Кстати, сейчас, спустя столько лет, я не так уж уверена, что он поддержал бы меня тогда в моем решении убить нашего ребенка. Я даже больше скажу – если б я в тот раз этого не сделала, вообще все могло бы повернуться по-другому…
Монологи его стали краткими, отрывистыми, театральная вычурность жестов – резкой и судорожной. Часто видела я в его лице отчаянную готовность на что-то (может, лучше сказать: отчаявшуюся?..).
В ночные же иллюзорные минуты, когда вдруг казалось, что есть возможность не только телесной близости, я пыталась склонить его на откровенность… просила о чем-нибудь рассказать, поделиться, раскрыться передо мной… но он лишь отшучивался. Никогда ничем сокровенным он со мной не делился. Не испытывал в этом нужды – вот, вероятно, в чем была причина. Мог вести лишь свои пустые актерские разговоры, многословно «вещать». А о главном – никогда, ни слова, во всяком случае – ни слова всерьез. Кстати, я затруднилась бы точно определить: что для него – главное? Стихи? Независимость? Стремление доказать окружающим и самому себе собственную уникальность?

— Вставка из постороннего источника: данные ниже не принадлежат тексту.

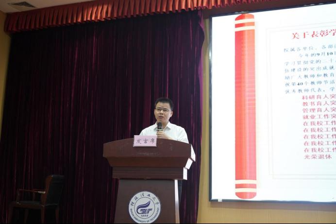 导航痕迹 当前位置: 首页 >> 新闻资讯 >> 学院新闻 >> 正文 躬耕教坛 强国有我--2138CC太阳集团庆祝2024年教师节活动圆满成功 作者:马文硕 发布日期:2024-09-12 浏览次数: 为充分展现高质量教师队伍建设的突出成就和广大教师立德树人、自信自强的精神风貌,大力营造尊师重教的良好氛围,化生学院以庆祝第40个教师节为契机,于9月11日上午在雁山校区图书馆报告厅开展以“躬耕教坛 强国有我”为主题的教师节庆祝活动。学校党委常委、副校长黎贞崇、学院党委书记彭代江、院长匡小军以及学院全体教师、学生代表等200余人参加了本次活动。 活动伊始,黎贞崇发表了热情洋溢的致辞,他饱含深情地分享了那些平凡而又动人的故事,每一个细节都透露出对教育事业的热爱与执着,深深感染了现场的每一名教职工。黎贞崇强调广大教职员工要以教育家为榜样,认真学习、深刻领悟,大力弘扬、自觉践行教育家精神,牢记为党育人、为国育才的初心使命,树立“躬耕教坛、强国有我”的志向和抱负,一是坚定理想信念,提高政治站位,领悟并传播教育家精神深邃的历史穿透力;二是坚持立德树人,廉洁从教,领悟并传播教育家精神优秀的榜样引领力;坚持严谨治学,宽厚育人,领悟并传播教育家精神深厚的育人智慧力;坚持厚德笃学、惟实励新,领悟并传播教育家精神深远的实践指引力。 随后,学院院长匡小军宣读了《关于学院表彰“从教三十年、二十五年、二十年、十五年、十年教师”及教书育人、科研育人、管理育人、就业工作突出贡献奖的决定》并进行了表彰活动。 会上,优秀教师代表王秀丽分享了从教多年来的心得感悟,号召全体教师践行为党育人、为国育才的初心使命,争做新时代的教育家,努力成为学生的引路人、知识的传授者和新技术的创新者。 活动最后,在场的学生们纷纷借助这个难得的机会,向他们敬爱的老师们进行了深情而真挚的告白,或手捧鲜花,或眼含泪光,用颤抖的声音诉说着老师们平日里那些默默无闻却又温暖人心的瞬间。他们讲述了老师们如何在知识的海洋里为他们引航,如何在成长的道路上给予他们鼓励与支持,又是如何在面对困难和挑战时,用坚定的信念和无私的奉献为他们树立了榜样。这场深情的告白,不仅是对老师们辛勤付出的肯定与感谢,更是师生之间深厚情感的交流与传递。 学校党委常委、副校长黎贞崇致辞 匡小军院长宣读表彰决定 各位领导为受到表彰的老师颁奖 教师代表王秀丽老师发言 学生向老师深情告白 合影留念 (一审:马文硕;二审: 李少华 ;三审: 彭代江 ) 上一条:学院赴桂林市人民医院开展研讨交流 下一条:2138CC太阳集团召开教职工大会专题学习贯彻党的二十届三中全会精神

– Мы почти год живем вместе, а ты мне даже стихов своих не читал, – обижалась я.
Он не смеялся, не кричал (повторяю – стал мягче), а просто обнимал меня нежно и снисходительно, целовал в шею, в ухо, и ласково говорил, как ребенку:
– А зачем? Зачем приплетать поэзию в прозу? Ведь наша любовь – это проза…
– Ну ладно, – вздыхала я. – Рассказал бы хоть о своих делах.
– О делах нельзя рассказывать. Дурная примета. Дела надо делать. Они должны быть очевидными… без всяких рассказов.
– Ладно тебе, не умничай… Ну хоть просто – поговори со мной! – взмолилась я. – Поговори со мной, поговори просто, расскажи о том, что тебя мучает, что тебе мешает… ну, пожалуйся на кого-нибудь… я б тебя пожалела… поговори со мной просто, без этих гримас и ужимок, без красивых жестов… поговори со мной просто, по-человечески!..
– Видишь ли, дорогая, – все так же снисходительно сказал он, накручивая на палец мои волосы, – я не верю в подобные задушевные беседы. В них нет смысла. Между мужчиной и женщиной не должно быть задушевных бесед. Женщины не понимают мужских слов, они улавливают только эмоциональный фон разговора… логика на вас не действует, я в этом не раз убеждался. Тем более бессмысленно – спорить с женщиной. Это все равно, что биться с собственной тенью… Ты с ней споришь, кричишь, распинаешься, мечешь перед ней интеллектуальный бисер… а зачем? – ведь она ничего не улавливает, кроме одного: «Ага – мужик сердится! Стоп. В чем моя вина? Где я промахнулась? Как угодить? Как успокоить? Как – п о б е д и т ь? Как сожрать его с потрохами, своего ненаглядного?..» – только это фиксируется и мерцает в ваших лукавых извилинах.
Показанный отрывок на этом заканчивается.